Would not that be a question for the Minister for Agriculture?

Mr. Burke

Yes, but the Minister for Agriculture has to go to the Minister for Finance——

The debate on the Estimate for Agriculture extended over five days and afforded ample opportunity for ventilating all those matters.

Mr. Burke

I quite agree and, if I may say so without being out of order, the debate on the Minister's Estimate last night showed the growing opposition to the agricultural policy of the Government. Only a small number were in favour of the policy of the Minister for Agriculture towards the farmers. In East Clare, we have a chain of creameries which are badly financed at the present time due to the scarcity of milk.

The Deputy must get away from agricultural matters.

Mr. Burke

I am trying to speak on financial matters.

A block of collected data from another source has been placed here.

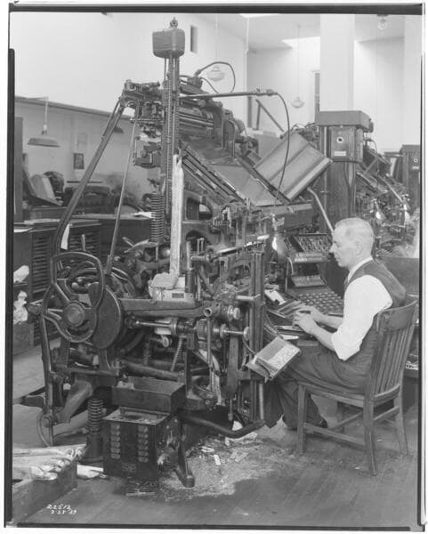 Man working with Linotype machine at Beverly Hills Printing Office
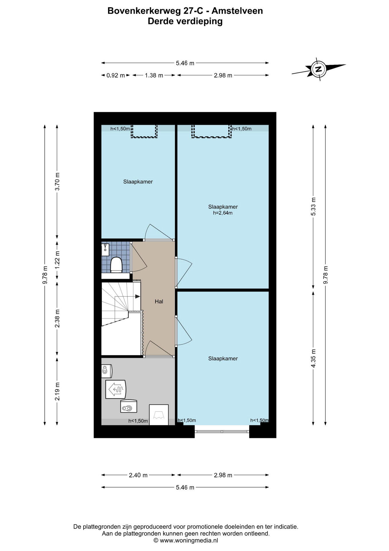 De meting is uitgevoerd door een professioneel en betrouwbaar bedrijf. Koper vrijwaart verkoper en diens makelaar voor eventuele afwijkingen in de opgegeven maten en verklaart in de gelegenheid te zijn gesteld de woning zelf (of door een deskundige) te laten nameten conform NEN 2580.
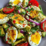 This salad is not only healthy but also visually appealing, with vibrant colors from cherry tomatoes, red onion, and fresh cilantro. Its creamy texture from the avocado pairs perfectly with the tender, protein-rich eggs, making it both hearty and refreshing. Itโs ideal as a quick breakfast, a post-workout lunch, or even a light dinner.
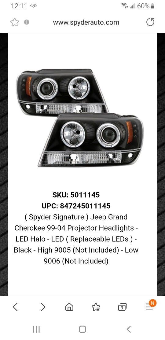 New, 2002 Jeep Grand cherokee, Halo Headlights

The Deputy has a simple criterion. On what Minister devolves the responsibility for remedying the difficulties referred to? On the Minister for Agriculture rests the responsibility, if there is any.

Mr. Burke

I may be out of order, and I apologise.

The Deputy is out of order.

Mr. Burke

My understanding was that the Minister for Finance governed the Government.

In other words, that everything is in order, and the debate on all the Estimates might be repeated?

Mr. Burke

I may be in order in stating that people in those areas are very badly in need of help of some sort. The Minister for Finance believes in a policy of borrowing. As he believes in a policy of borrowing, it is only reasonable to suppose that he believes in a policy of lending. I believe the only remedy for those people is to provide them with cheap loans and to derate agricultural land. At the present time it is no use for a farmer to approach a bank. He would not be allowed inside the door. As a matter of fact, I think he would be tried under the Treason Act for approaching the door of a bank. His only hope is to appeal to the Minister for Finance for some assistance.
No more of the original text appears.